(Data shown)

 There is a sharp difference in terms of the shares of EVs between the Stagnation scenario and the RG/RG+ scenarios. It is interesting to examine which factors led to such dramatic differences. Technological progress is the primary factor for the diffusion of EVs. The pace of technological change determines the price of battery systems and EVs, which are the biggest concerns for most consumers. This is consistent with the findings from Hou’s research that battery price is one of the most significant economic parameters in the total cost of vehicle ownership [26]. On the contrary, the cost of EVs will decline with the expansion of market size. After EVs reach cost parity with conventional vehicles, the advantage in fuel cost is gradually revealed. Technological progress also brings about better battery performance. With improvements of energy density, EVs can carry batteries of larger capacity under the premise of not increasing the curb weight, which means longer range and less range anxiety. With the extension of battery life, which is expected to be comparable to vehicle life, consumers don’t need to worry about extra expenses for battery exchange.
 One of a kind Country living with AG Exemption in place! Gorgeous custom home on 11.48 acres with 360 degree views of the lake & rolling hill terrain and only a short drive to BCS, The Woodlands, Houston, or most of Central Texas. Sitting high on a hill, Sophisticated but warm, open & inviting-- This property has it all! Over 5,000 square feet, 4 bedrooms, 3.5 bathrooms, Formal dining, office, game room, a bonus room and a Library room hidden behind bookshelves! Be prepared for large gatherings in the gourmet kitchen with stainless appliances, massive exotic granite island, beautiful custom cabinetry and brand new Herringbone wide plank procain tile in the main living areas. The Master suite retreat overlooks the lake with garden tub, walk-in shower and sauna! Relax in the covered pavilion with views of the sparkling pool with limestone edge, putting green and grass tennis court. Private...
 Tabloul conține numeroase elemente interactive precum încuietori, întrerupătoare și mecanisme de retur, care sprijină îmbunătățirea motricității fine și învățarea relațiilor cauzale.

(End Data shown)
(Data shown)

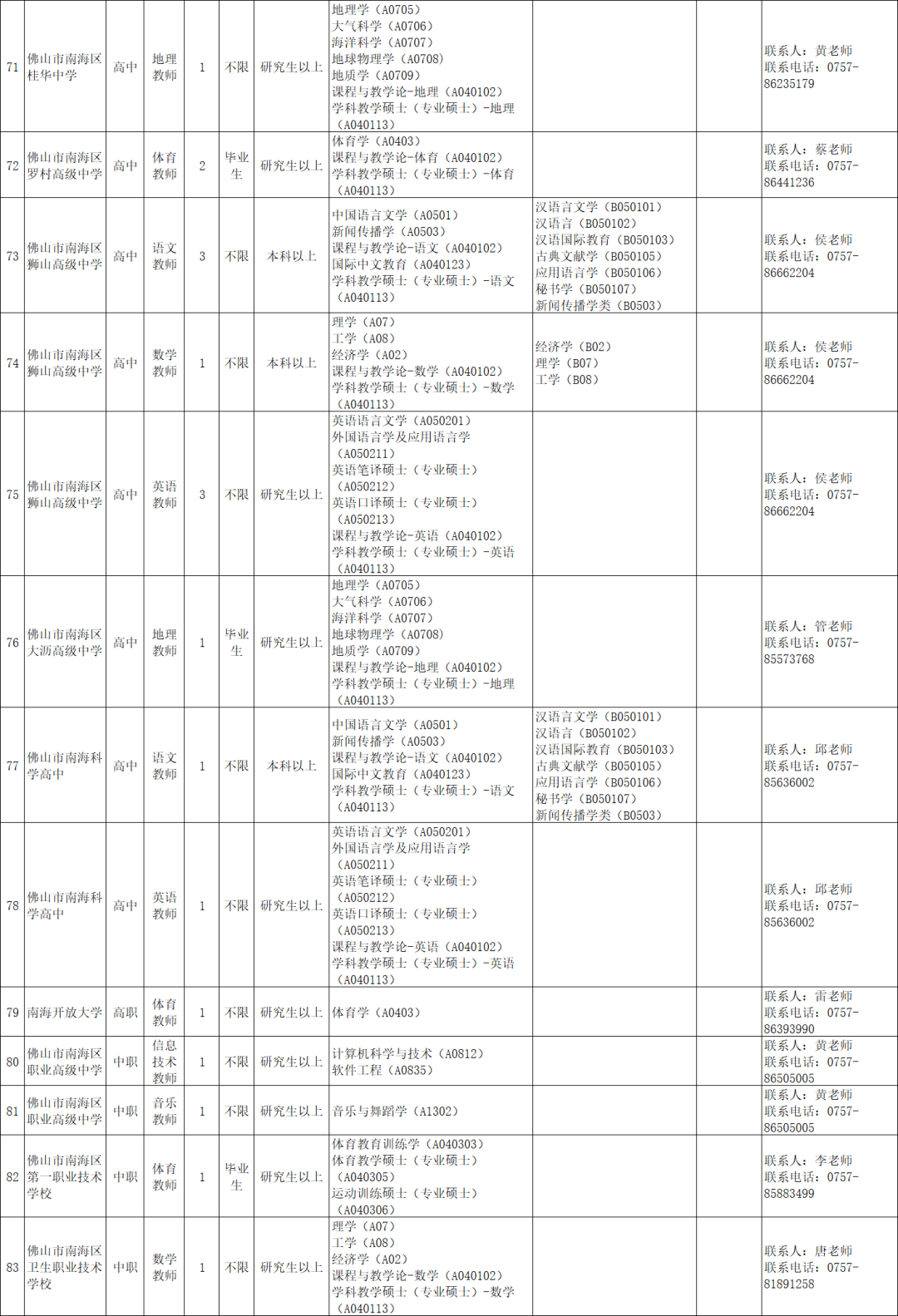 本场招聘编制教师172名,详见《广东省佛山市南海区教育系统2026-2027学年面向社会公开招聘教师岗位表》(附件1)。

(End Data shown)
(Data shown)

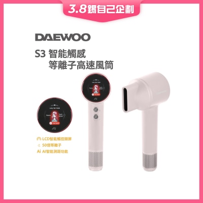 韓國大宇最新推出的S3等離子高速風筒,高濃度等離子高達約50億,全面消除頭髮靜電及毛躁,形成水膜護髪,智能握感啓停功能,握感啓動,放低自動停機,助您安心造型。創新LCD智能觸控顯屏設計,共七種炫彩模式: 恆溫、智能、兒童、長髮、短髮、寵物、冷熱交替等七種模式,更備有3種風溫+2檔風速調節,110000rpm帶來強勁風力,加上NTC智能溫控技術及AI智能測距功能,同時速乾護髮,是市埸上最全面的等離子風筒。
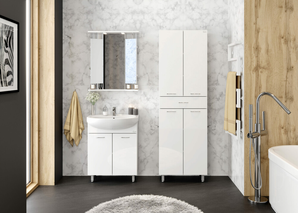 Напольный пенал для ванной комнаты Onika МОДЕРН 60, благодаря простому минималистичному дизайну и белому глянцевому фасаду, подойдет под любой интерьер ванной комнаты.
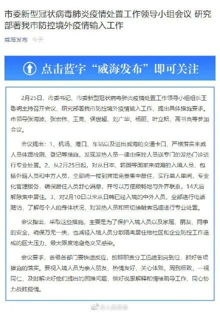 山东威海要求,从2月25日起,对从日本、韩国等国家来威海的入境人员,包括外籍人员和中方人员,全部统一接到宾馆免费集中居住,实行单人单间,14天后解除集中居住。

(End Data shown)

== Task requirements ==
Would you retype exactly the lines above, from the line with "One of a kind" to the line with "Tabloul conține numeroase", with both end lines kept and nothing more?

== Response ==
 One of a kind Country living with AG Exemption in place! Gorgeous custom home on 11.48 acres with 360 degree views of the lake & rolling hill terrain and only a short drive to BCS, The Woodlands, Houston, or most of Central Texas. Sitting high on a hill, Sophisticated but warm, open & inviting-- This property has it all! Over 5,000 square feet, 4 bedrooms, 3.5 bathrooms, Formal dining, office, game room, a bonus room and a Library room hidden behind bookshelves! Be prepared for large gatherings in the gourmet kitchen with stainless appliances, massive exotic granite island, beautiful custom cabinetry and brand new Herringbone wide plank procain tile in the main living areas. The Master suite retreat overlooks the lake with garden tub, walk-in shower and sauna! Relax in the covered pavilion with views of the sparkling pool with limestone edge, putting green and grass tennis court. Private...
 Tabloul conține numeroase elemente interactive precum încuietori, întrerupătoare și mecanisme de retur, care sprijină îmbunătățirea motricității fine și învățarea relațiilor cauzale.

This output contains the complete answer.